- Church: Church of Uganda
- Diocese: Diocese of Kumi
- In office: 2001–2019
- Predecessor: position established*;
- Successor: Michael Okwii Esakan (Bishop)

Orders
- Consecration: 22 July 2001

Personal details
- Born: Mukongoro, Kumi District, Uganda
- Died: 5 December 2023 Soroti Regional Referral Hospital, Uganda
- Denomination: Anglicanism
- Spouse: Jenifer Irigei
- Children: 9

= Edison Irigei =

Ugandan Anglican bishop

(Thomas) Edison Irigei (died December 5, 2023) was a long serving Anglican bishop who was the first Bishop of Kumi in Uganda from 2001 to 2019.

== Early life and education ==
Irigei was born on December 28, 1954, in Kumi district. He was educated at Akadot Primary School (Primary One to Primary 5) and Mukongoro Rock Primary School (P. 6 to P. 7). Later, he studied at Soroti Secondary School before training as a lay leader at the Diocese Training Centre Ngora.

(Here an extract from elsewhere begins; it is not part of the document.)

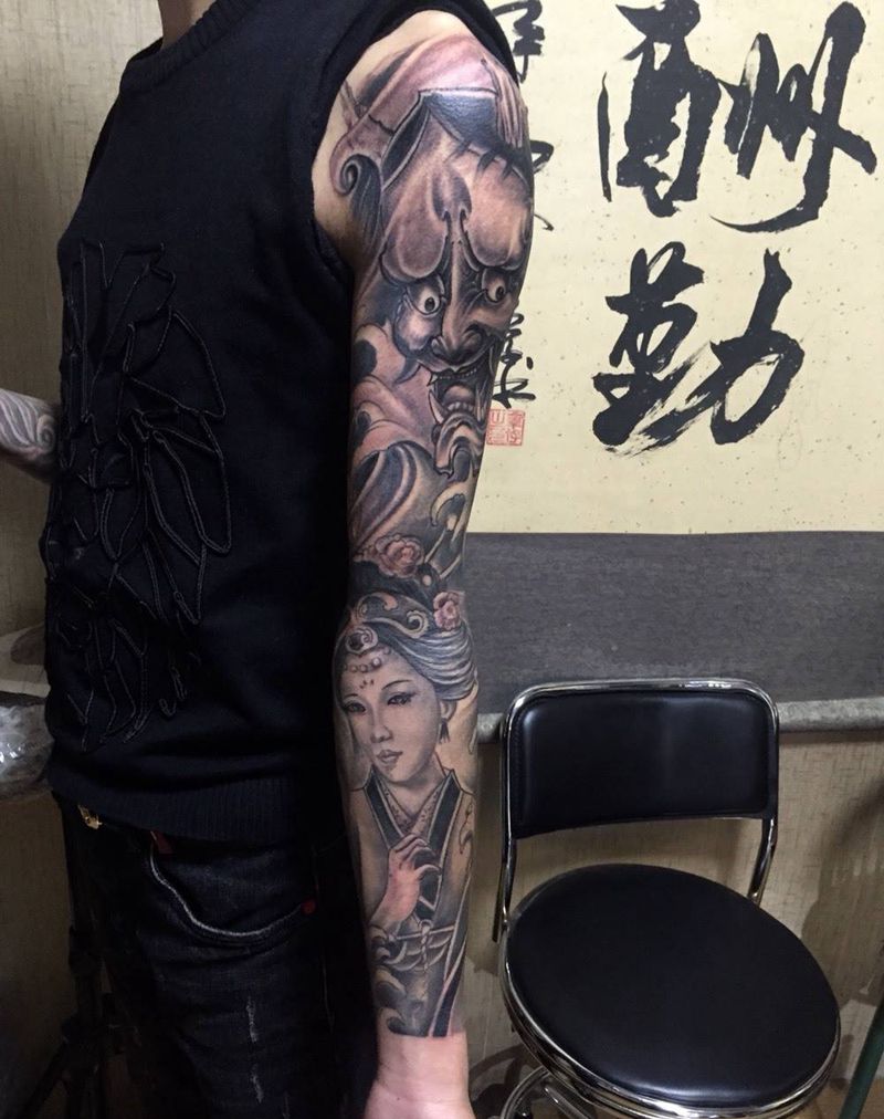 当前位置: 首页 >河北省邢台市纹身店-小黑刺青纹身专营店纹身图案>黑白花臂完成纹身图片

He later pursued theological studies at Bishop Tucker Theological College, Mukono, earning certificates, a diploma, and eventually a degree.

== Career ==
Irigei served as a lay leader at Akadot Church from 1979 to 1980 and as a hospital chaplain at Ngora Freda Carr Hospital from 1983 to 1987. He was elected bishop of Kumi diocese in 2001 and he reigned for 18 years.

== Personal life ==
Irigei was married to Jenifer Irigei and together they had 9 children.